Mary Meeker and BOND Capital Published 340-Page AI Trends Report
Mary Meeker's 340-page BOND report highlights AI's unprecedented growth trajectory, with user adoption and infrastructure scaling faster than any previous technology cycle. The report shows that training dataset sizes are growing at 260% annually, while inference costs have fallen 99.7% in just two years. Enterprise adoption is accelerating dramatically, with over 75% of Fortune 500 companies already using AI tools. The document argues rising competition among countries in AI represents a fundamental "space race" that will reshape global economic and political power structures over the next decade.
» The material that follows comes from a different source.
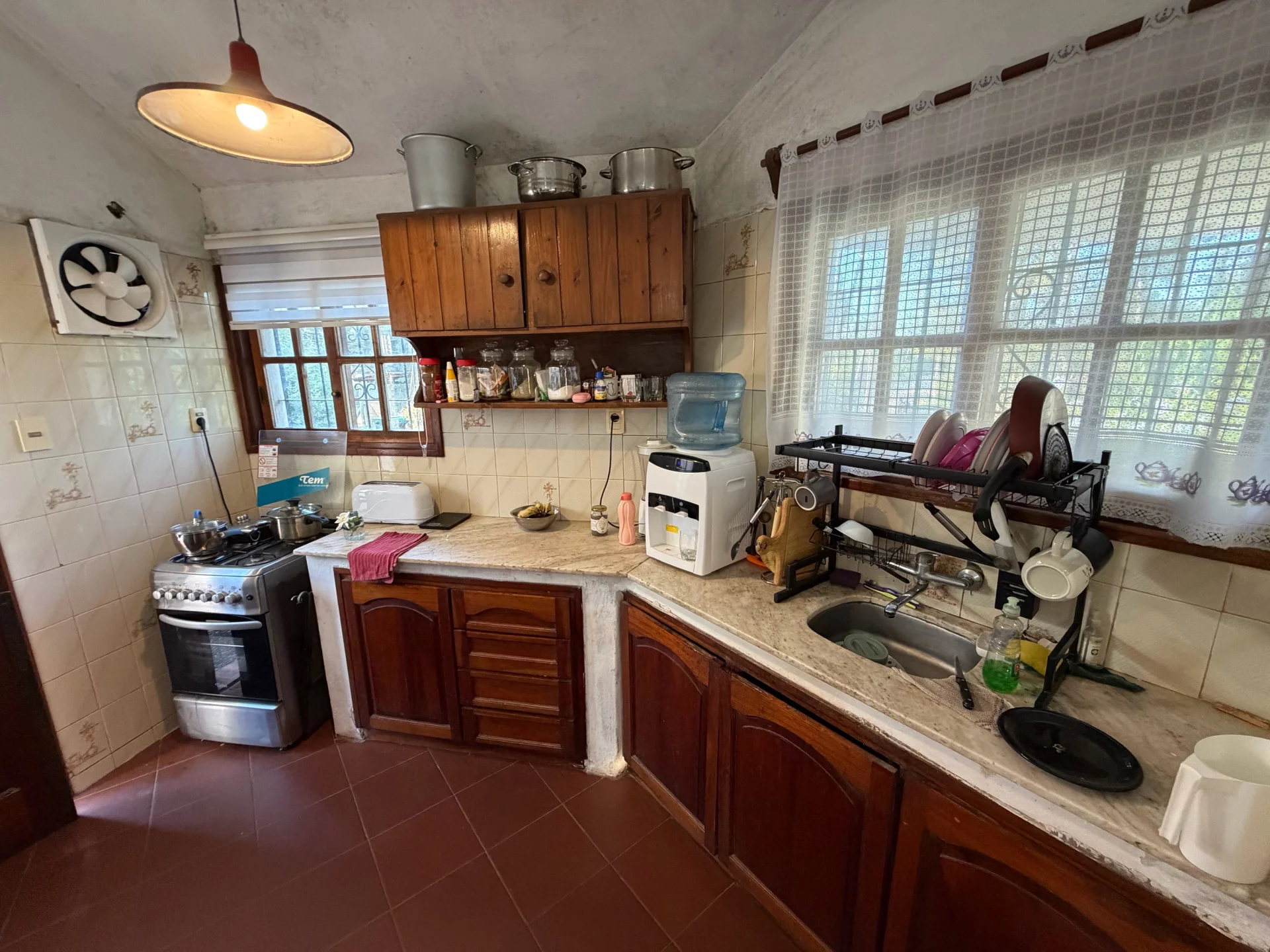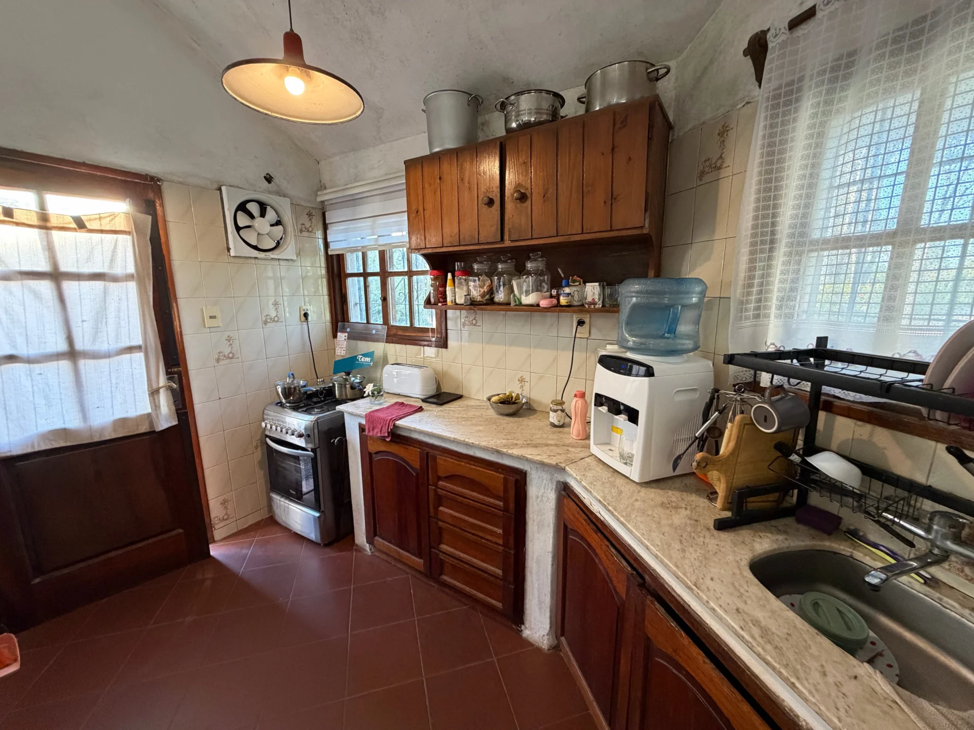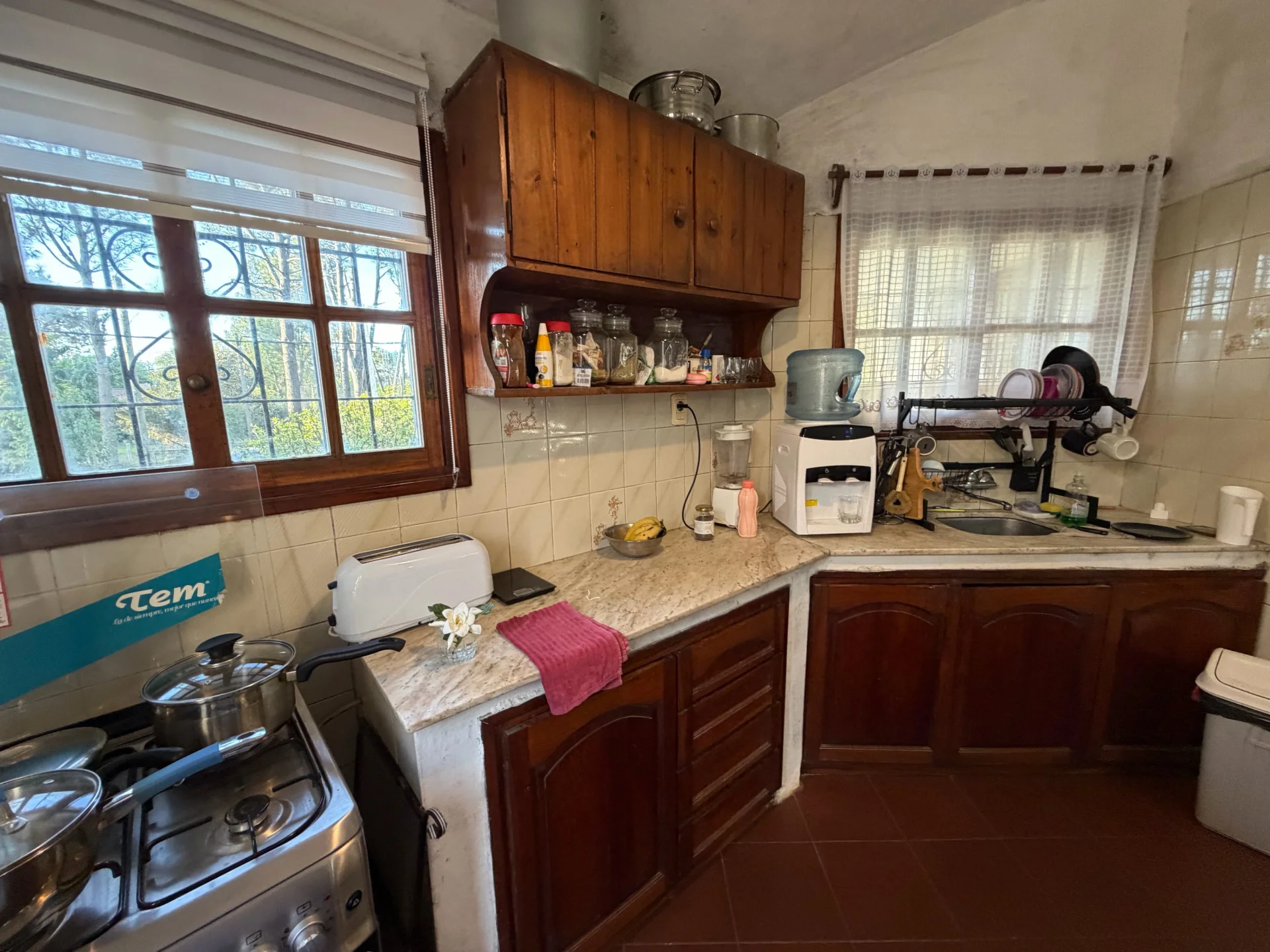 Todas las aberturas son en madera y cuentan con rejas, brindando seguridad y un estilo tradicional que acompaña la construcción.

Read full report here: BOND: Trends - Artificial Intelligence
OpenAI Acquires Jony Ive’s Design Firm
OpenAI is acquiring io, the AI hardware startup founded by Sir Jony Ive, in a $6.5 billion stock deal. Ive is a legendary British designer best known for leading the creation of Apple’s most iconic products, including the iMac, iPod, iPhone, and Apple Watch, during his decades as Apple’s chief design officer. His design vision helped define modern consumer technology and will now shape OpenAI’s next generation of AI-powered devices. The company is rumored to be developing pocket-sized, screenless, context-aware devices that act as ambient, always-on AI companions, moving beyond the smartphone paradigm.
Google I/O Product Announcements Impressed
Google I/O 2025 finally showcases a vision Google is especially well positioned for: a universal personal assistant. The centerpiece is Google’s push to make AI deeply personal and proactive, integrating across Search, Gmail, Drive, and Android to anticipate user needs and manage tasks in context. More to come in the summer. Equally impressive is Veo 3, Google’s latest AI video generator. Veo 3 can produce high-definition videos with synchronized audio.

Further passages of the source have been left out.